Les registres d'un examen de niveau supérieur devraient préciser au minimum le pont évalué, la date de l'évaluation, l'ingénieur de pont ferroviaire responsable, et les conclusions et les recommandations issues de l'examen de niveau supérieur.

3.9 – Détermination des dangers des ponts

  1. La compagnie de chemin de fer devait élaborer, mettre en œuvre et maintenir des processus pour la détermination des enjeux et des préoccupations pour la sécurité, afin d'évaluer et de classifier les risques, ainsi que mettre en œuvre les stratégies de contrôle nécessaires.
  2. La compagnie de chemin de fer devrait connaître les risques que posent l'affouillement, l'érosion et la migration latérale des cours d'eau. La compagnie de chemin de fer devrait mettre en œuvre des mesures visant à assurer la sécurité ferroviaire sur les ponts pendant et après des phénomènes météorologiques violents.
  3. La compagnie de chemin de fer devrait connaître les risques que présentent la charge et la fatigue causée par la déformation sur des ponts d'acier. Elle devrait tenir à jour la documentation des ponts où une fissuration par fatigue a été observée.

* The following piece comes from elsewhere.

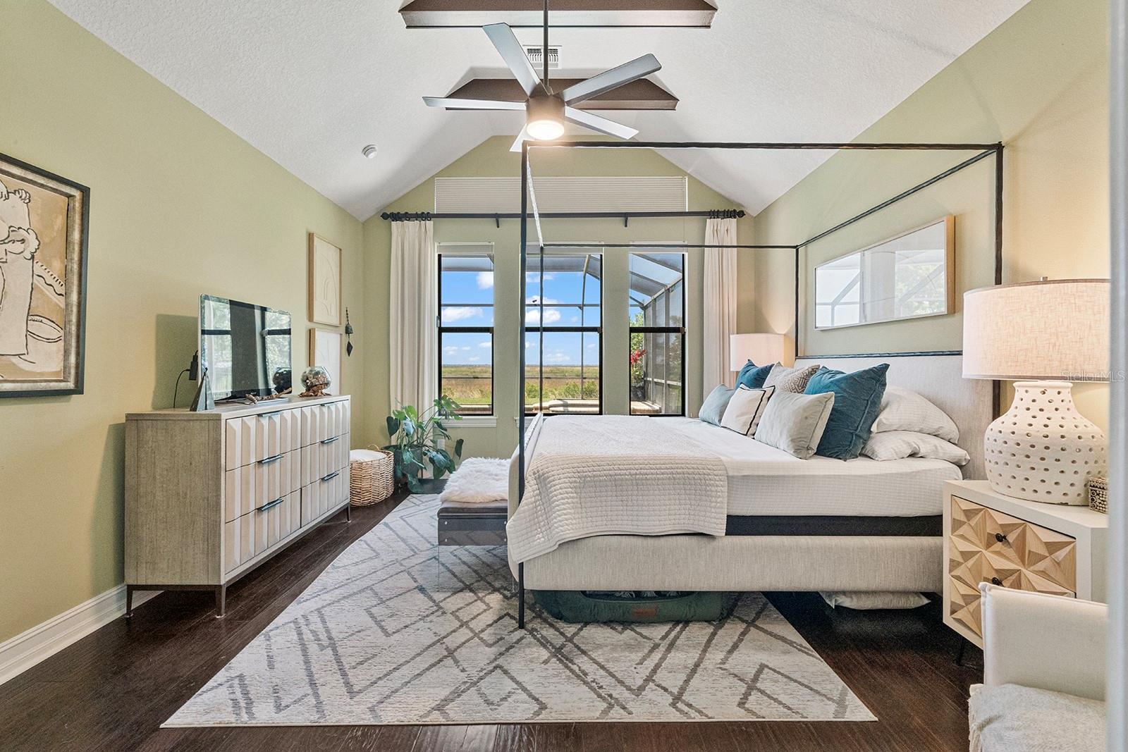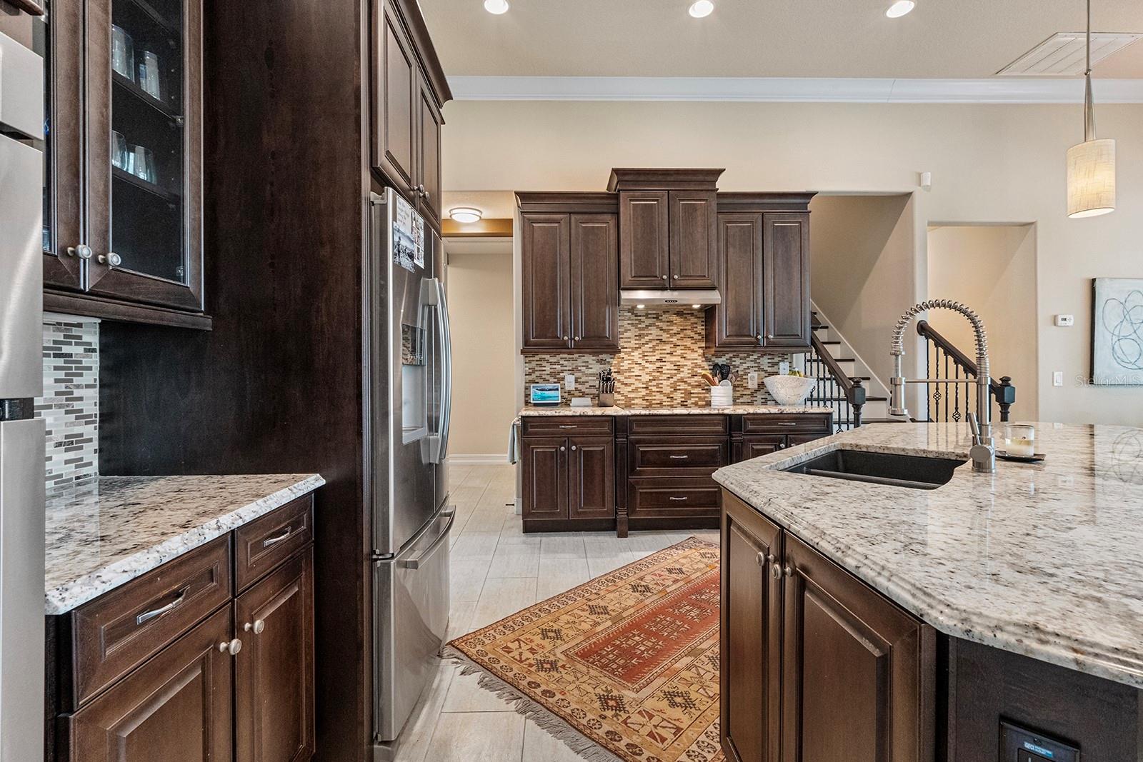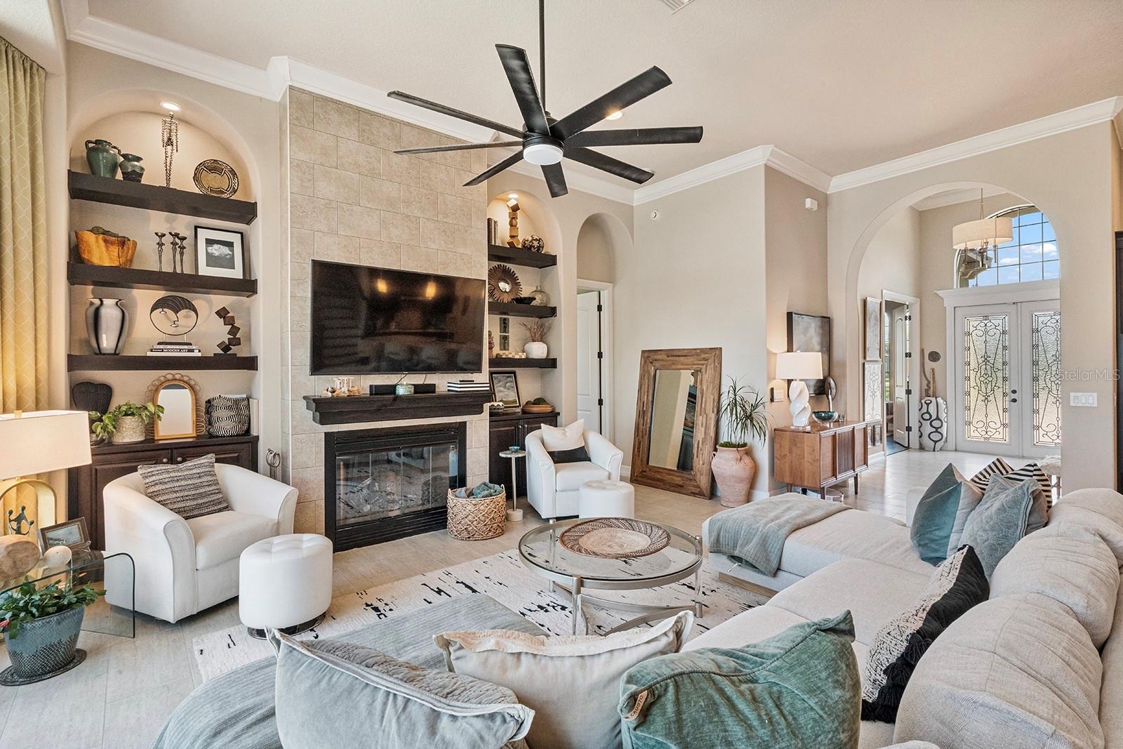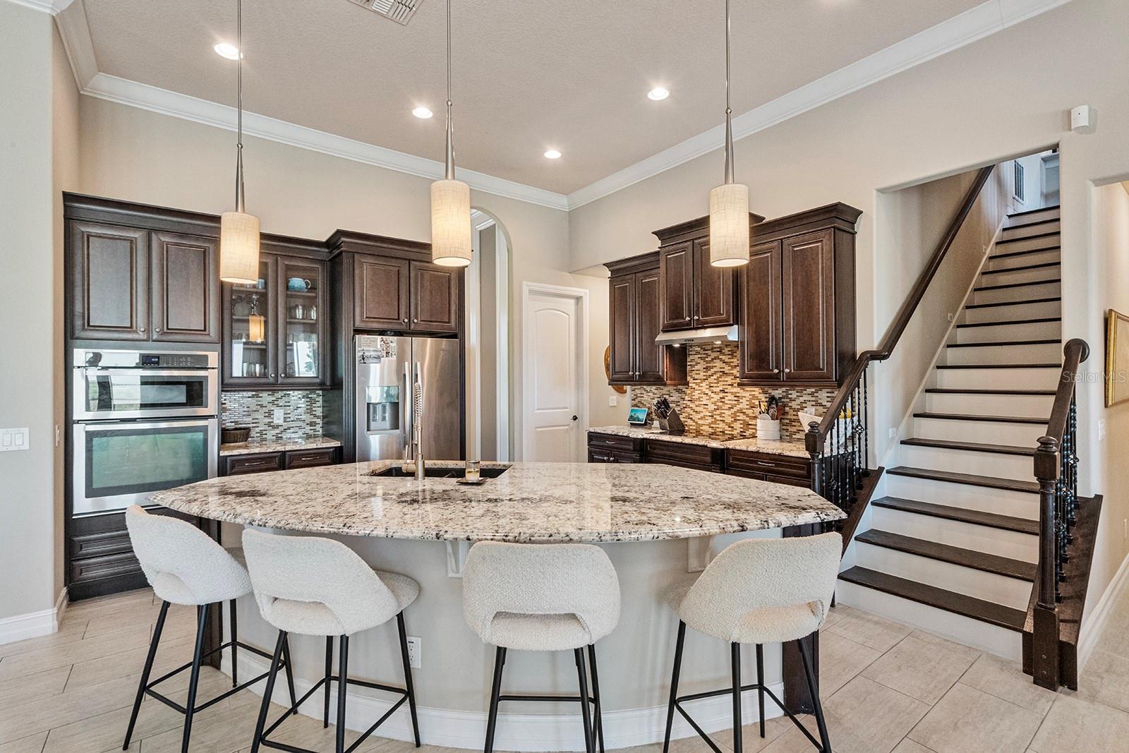 Luxury, location, and design come together at 2522 Oakbank Ct. Experience elevated lakefront living in this award-winning custom home, where every detail was designed to impress. This former Parade of Homes winner is a rare lakefront gem in the gated Lake Pointe of Toho community. Custom-built in 2013 by Vintage Estate Homes as their model, this 4-bedroom, 3 full and 2 half-bath home offers 3,378 sq ft of luxury on nearly half an acre with 100 feet of direct frontage on East Lake Toho. The curb appeal is equally impressive, with a beautifully maintained and landscaped front yard and an extended brick paver driveway that leads to an elegant, arch-framed double front door entry. Just off the grand foyer, you'll find a dedicated office and a formal dining room—perfect for working from home and hosting guests. From the moment you step inside, your eyes are drawn straight to the stunning lake views framed by oversized, tinted hurricane-rated windows that fill the home with natural light. Inside, you'll find soaring 14-ft ceilings, hardwood and tile flooring, 8-ft doors throughout, and high-end finishes including espresso wood soft-close cabinetry and granite in the kitchen and Caesar Stone countertops in the wet bar and all the bathrooms. The chef’s kitchen features an oversized granite island, built-in convection oven and microwave, French-style refrigerator, and a double door closet pantry. The family room includes custom built-ins, a wood-burning fireplace, and expansive breath-taking views of the lake and sunset. The primary suite is a true retreat, with wood-beamed cathedral ceilings, picturesque pool and lake views, and a spa-style bath with soaking tub, walk-in shower, dual sinks, designer tile work and a massive walk-in closet. Enjoy a smart split floor plan with the three additional bedrooms located on the opposite side of the home—each with walk-in closets, ceiling fans, and easy access to two full baths, including a Jack & Jill layout that also serves as a pool bath. Upstairs, you’ll find a dedicated half bath, a large loft/bonus room with wet bar and mini frig, and access to a 34-ft balcony overlooking the water. This easily could be made into a 5th bedroom! Outdoor living is elevated with a 37-ft screened patio, heated pool and spa, brick pavers, and lake views from nearly every angle. Additional features include a 3-car garage that is AC/heat regulated with epoxy flooring and pull-down attic access with floored storage, 48 paid off solar panels, solar attic fans, an upgraded water heater with circulation pump, remote-controlled ceiling fans, hardwired security cameras, and alarmed patio doors. Within the last year, updates include new overhead/bathroom lights/fans, an AC unit, fence panels on both sides of the front of the home and a new variable speed pool pump. Community amenities include a pool, tennis/pickleball and basketball courts, playground and covered tot lot, BBQ grills and picnic benches, walking trails and more. The current homeowners are only relocating due to a job transfer and have truly cherished every moment in this home—especially the priceless lakefront views and daily sightings of Florida’s beautiful wildlife. Just minutes from Lake Nona, top hospitals, and Orlando International Airport, this one-of-a-kind lakefront home is a rare opportunity in a high-demand location. Disney, Universal and Seaworld are all only about a 40 min drive and Cocoa Beach is a short hour drive. Schedule your private showing today.
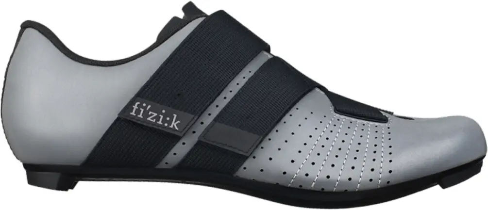Fizik Tempo Powerstrap R5 Shoe 47 Reflective Grey/Black Fizik Tempo Powerstrap R5 Shoe is a versatile road shoe made for your most enjoyable rides. Designed with a foot-wrapping Velcro closure for an enveloping fit, the two straps wrap around the shoe enabling comfort and containment. The R5 outsole with carbon reinforced nylon will provide comfort but will not compromise efficiency and is engineered to ride on all roads from smooth tarmacs to the toughest pavements. Available in Black/Black, White/Black,and Coral/Black. F2236470

Au besoin, la compagnie de chemin de fer devrait mettre en œuvre des mesures d'atténuation pour réduire la possibilité de défaillance en raison de la croissance de la fissuration par fatigue.

Analyse de la section 3.9 – Détermination des dangers des ponts

Point b.

Les phénomènes météorologiques violents qui sont à l'origine d'inondations ou de périodes de fort débit endommagent ou emportent fréquemment les ponts ferroviaires et les ponceaux, et cela pourrait compromettre la sécurité ferroviaire lorsque les risques ne sont pas reconnus ou qu'ils ne sont pas atténués de façon appropriée.

Les aspects qui devraient être pris en considération incluent, sans toutefois s'y limiter, ce qui suit :

  • déterminer les ponts qui sont vulnérables à l'affouillement ou à la migration latérale des cours d'eau;
  • repérer les régions qui sont reconnues comme étant sujettes aux inondations ou aux périodes de fort débit;
  • cerner les ponts qui ont subi des dommages à la suite d'un phénomène précédent;
  • identifier les ponts essentiels pour déterminer si les inondations ou les périodes de fort débit prévues peuvent entraîner des conséquences ainsi que la date et le lieu;
  • connaître l'état de la neige accumulée et les répercussions du ruissellement du printemps;
  • connaître les effets des barrages de l'écoulement glaciaire et de l'accumulation d'autres débris sur la substructure;
  • élaborer et mettre en œuvre des méthodes acceptables visant à protéger les ponts avant, pendant et après une inondation ou une période de fort débit;
  • concevoir et mettre en œuvre des technologies de surveillance qui pourraient prévoir les défaillances causées par les répercussions d'un phénomène;
  • utiliser des sonars, des capteurs et d'autres technologies intelligentes pour surveiller les ponts où l'affouillement serait dangereux;
  • définir les exigences liées aux compétences et à la formation des inspecteurs pour surveiller les ponts pendant un phénomène;
  • élaborer des processus visant à surveiller les phénomènes météorologiques violents;
  • définir la fréquence et la portée des inspections qui doivent être réalisées pendant une inondation ou une période de fort débit;
  • déterminer les méthodes considérées comme acceptables pour effectuer des inspections sous l'eau lorsqu'il est impossible de recourir à des plongeurs.

Point c.

Des renseignements concernant la fatigue des ponts ferroviaires se trouvent dans le « Manual for Railway Engineering » de l'AREMA, volume 2. Il est admis que certaines compagnies de chemin de fer emploient d'autres méthodes et normes.